Осуждала. Смела осуждать. А ведь дрогнула она лишь в одном: стала менее строга к себе, позволила себе немного расслабиться, молчание и отшельничество утомили ее. И все осталось при ней. Ее "таинственный песенный дар" не покинул ее до смерти. Пронзительный ум (встречала ли я кого-нибудь умнее?), великолепная ирония, умение давать меткие характеристики, точность и взвешенность каждого слова - все было с ней до конца. Но она не была ни святой, ни статуей, ничто человеческое не было ей чуждо... В каком-то из писем Льва Толстого в период его работы над "Анной Карениной" проскальзывает такая примерно мысль: пишешь, пишешь (дело одинокое!), и наступает наконец минута, когда непременно надо, чтобы тебя похвалили. Это, значит, и гению нужно. Когда-то в моем отношении к Ахматовой было нечто от внимающего учителю робкого ученика.
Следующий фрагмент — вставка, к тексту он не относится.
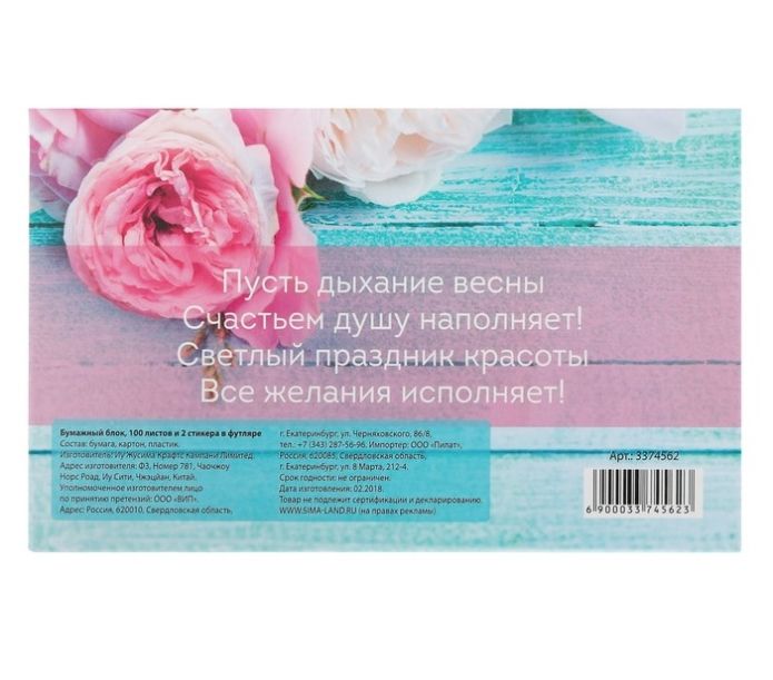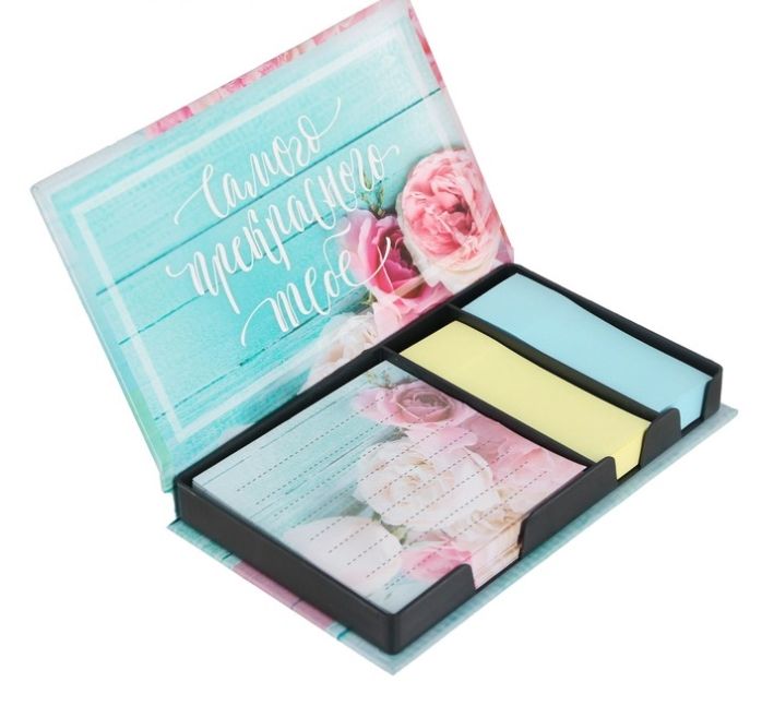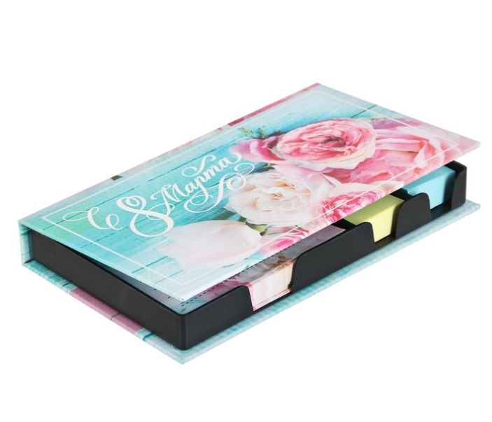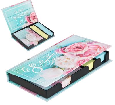 Бумажный блок в пластиковом футляре "С 8 марта": 100 листов и 2 набора стикеров

Затем, привыкнув и освоившись, решив, что и она не без слабостей, я стала чрезмерно свободно ощущать себя в ее высоком присутствии. Мало того. Уже мои дела, мои заботы нередко казались мне важнее ее общества. Исчезло постоянно жившее во мне желание что-то сделать для нее, чем-то ей услужить. Боже мой, да вокруг нее столько теперь топчется поклонников, вот пусть они и побегают, их очередь. Бывало, она звонила мне: "Не могли бы вы каким-нибудь чудом..." И чем бы я ни была занята, я все бросала и мчалась к ней. Позже - своих дел ради нее я бросать не собиралась. Она это знала. Она знала все. И последние два-три года своей жизни уже ни о чем не просила меня.
...Сейчас, перечитывая ее стихи, написанные в последнее десятилетие ее жизни, в период моего с ней знакомства, из ее уст впервые слышанные,сейчас я остро понимаю, кто был рядом со мной и как недостаточно я это ценила. Но прошлого не вернешь. Содеянного не поправишь.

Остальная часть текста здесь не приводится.